An important reason that 3D cell cultures are often selected as the culturing configuration is that they more closely mimic the chemical microenvironments in vivo. For example, ovarian cancer cells cultured as multicellular aggregates have mRNA gene expression patterns that more closely mimic in vivo tumors compared to 2D monolayers, especially if the 3D culture is allowed to adhere to a collagen surface. (6) There is also evidence that 3D cultures promote the viability of stem cells in culture. Human adipose-derived mesenchymal stem cells (MSCs) were cultured in 2D monolayers or in 3D spheroids. The MSCs cultured in 3D were found to secrete higher levels of antifibrotic factors like insulin growth factor 1 (IGF-1) and interleukin-6 (IL-6), which are helpful in treating fibrosis. (19) Similarly, MSCs cultured in 3D spheroids instead of 2D monolayer cultures were found to survive better and display improved therapeutic effects when injected in sites of acute kidney injury. (20) In addition, Gaedtke et al. performed proteome analysis on low-passage colon carcinoma cells cultured as multicellular spheroids versus monolayers, and identifies differences in protein expression levels relevant to tumor cell proliferation, survival, and chemoresistance. (21)

Given these intriguing differences between 2D and 3D cultured cells, previous studies have compared the global proteomes for the two types of cultures. The proteomes of 2D and 3D cultured gliomas cells were quantitatively compared and notable differences were observed in immune response pathways. (22) Hepatocellular carcinoma cells grown in 3D instead of 2D culture configurations showed differences in adhesion proteins and matrix metalloproteinases expression patterns. (11) Similarly, human parotid gland cells expressed higher levels of amylase and aquaporin proteins when cultured in 3D instead of 2D monolayers. (23)

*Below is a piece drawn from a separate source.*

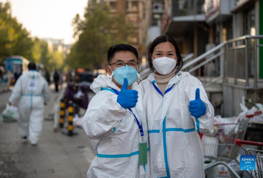Resident Meng Xue (L) and his wife Li Yan volunteer in COVID-19 prevention and control services at the Hongfuyuan residential community in Changping District of Beijing, capital of China, Oct. 23, 2021. The Hongfuyuan residential community was listed as high risk of COVID-19 on Saturday and has been put under closed-off management. (Xinhua/Chen Zhonghao)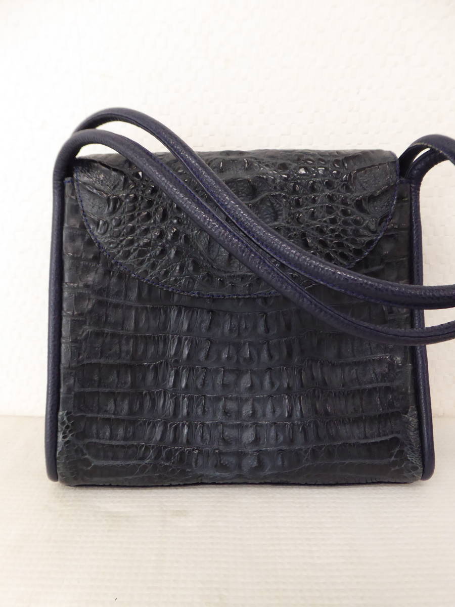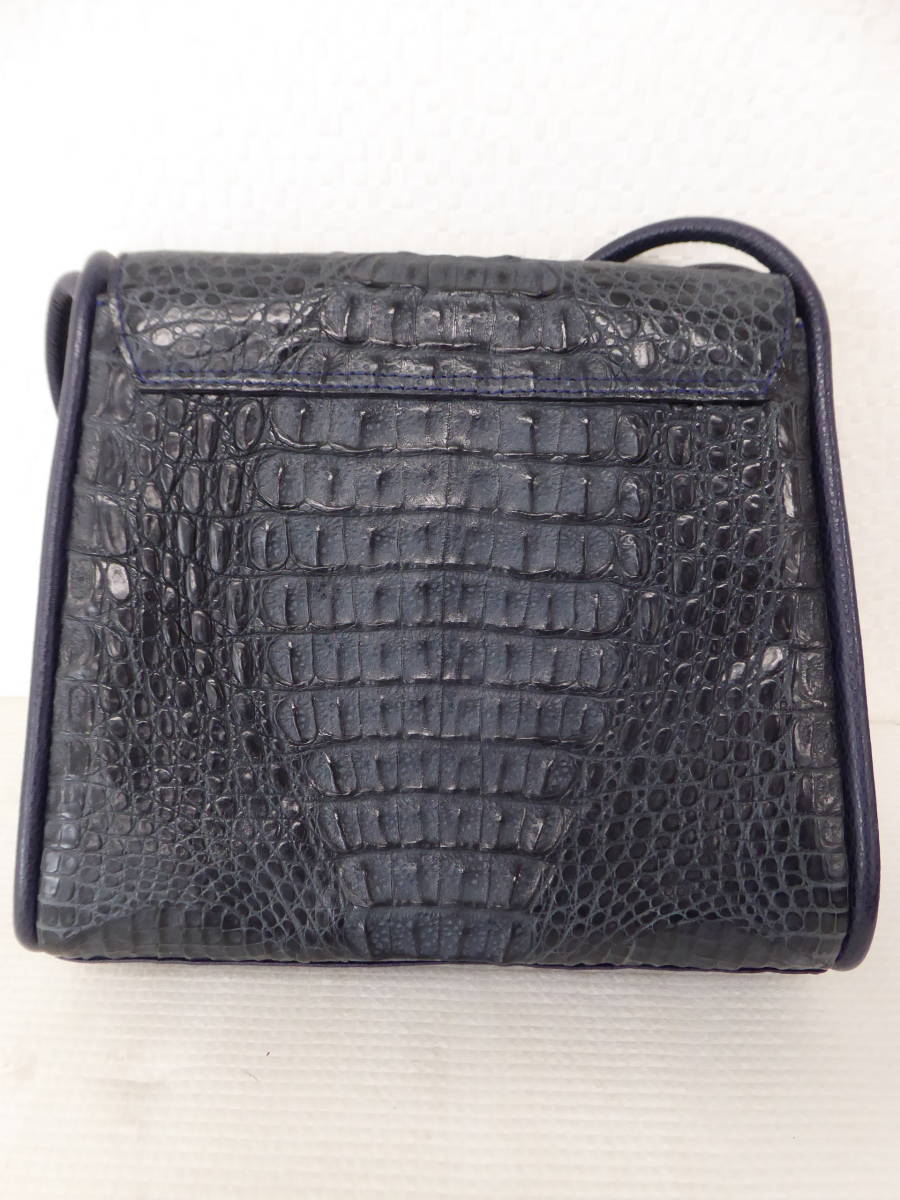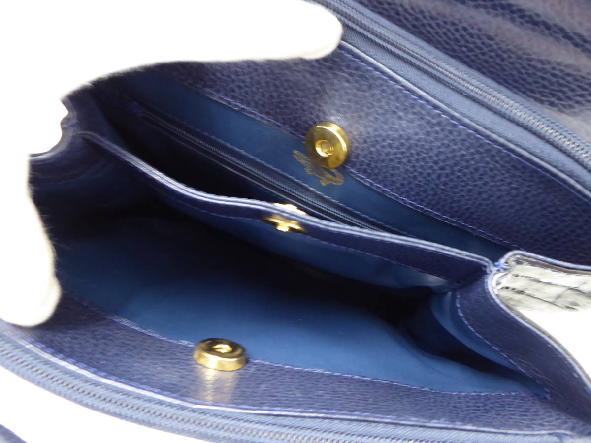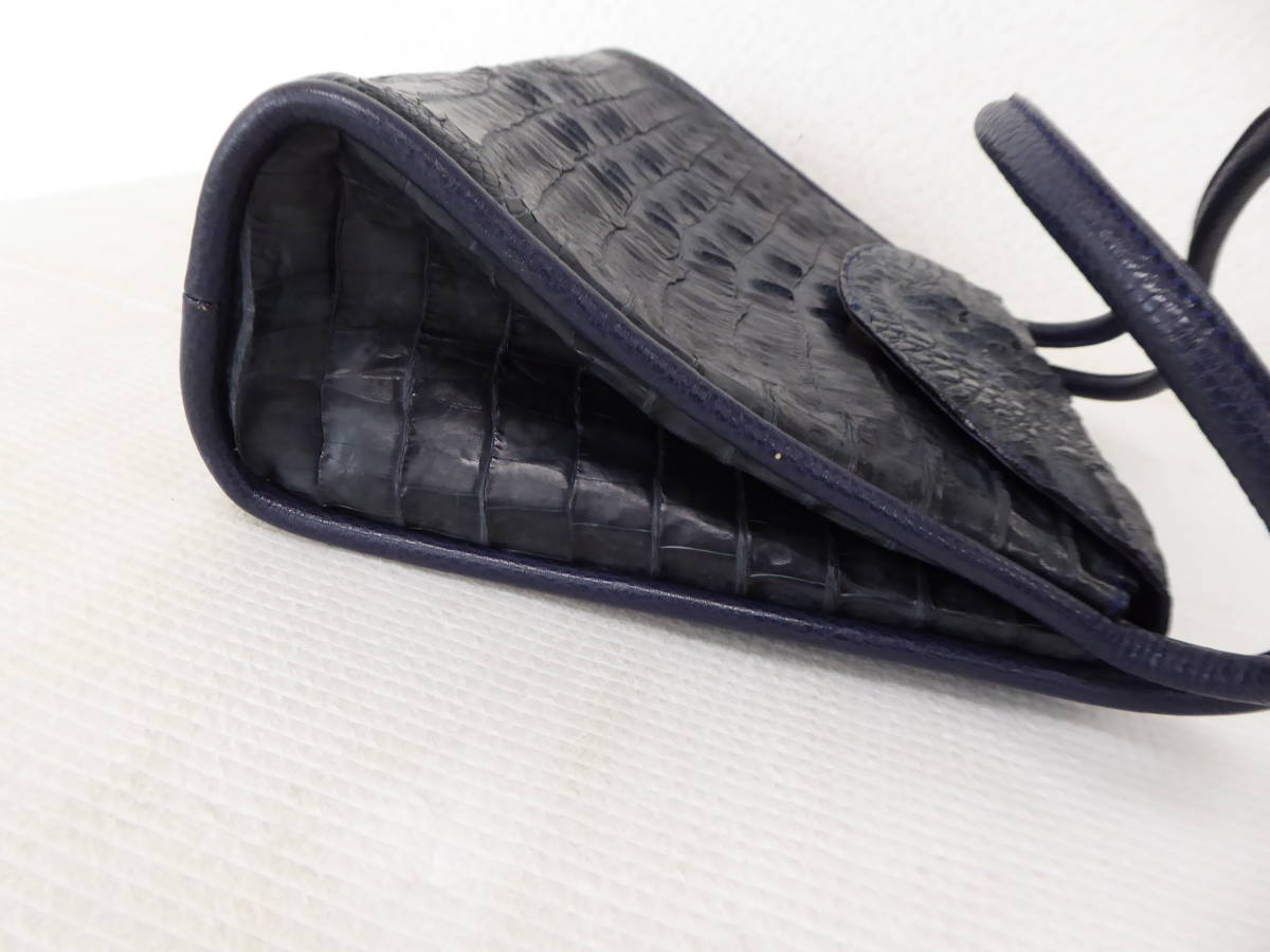 | 美品 ワニ革 カイマン レザー ショルダー ハンド バッグ ネイビーブルー | |||

Just as the global proteomes of 2D and 3D cultures have been examined, phosphoproteomic comparisons are also an area of interest. High-throughput phosphoproteome data could provide valuable targets for pharmaceutical therapies because many pathological changes occur at the phosphorylation level. Also, cellular processes such as DNA replication, cell cycle, apoptosis, and migration are mostly controlled through phosphorylation. The proteomes and phosphoproteomes of five glioma and six carcinoma cell lines grown in 2D and 3D were analyzed using reverse-phase protein arrays (24). As well as comparing the endogenous differences, the researchers also sought to determine the differences amongst the cell lines in normoxic versus hypoxic conditions as well as comparing the differences between 2D and 3D culture conditions. They determined that culture conditions (2D versus 3D) had a more striking effect on protein expression levels than the oxygen concentrations. They also observed that seven proteins were more highly expressed in 3D than 2D culture: FAK, AKT, SRC, GSK3AB, TSC2, MAPK14, and NFKBp65 and determined that seven other proteins are commonly decreased: ATRIP, ATR, CTNNB1, BCL2L1, CCNB1, EGR1, and HIF1A. Given these pronounced differences, there is value in examining the expression differences for 2D versus 3D cultures of commonly employed cell lines.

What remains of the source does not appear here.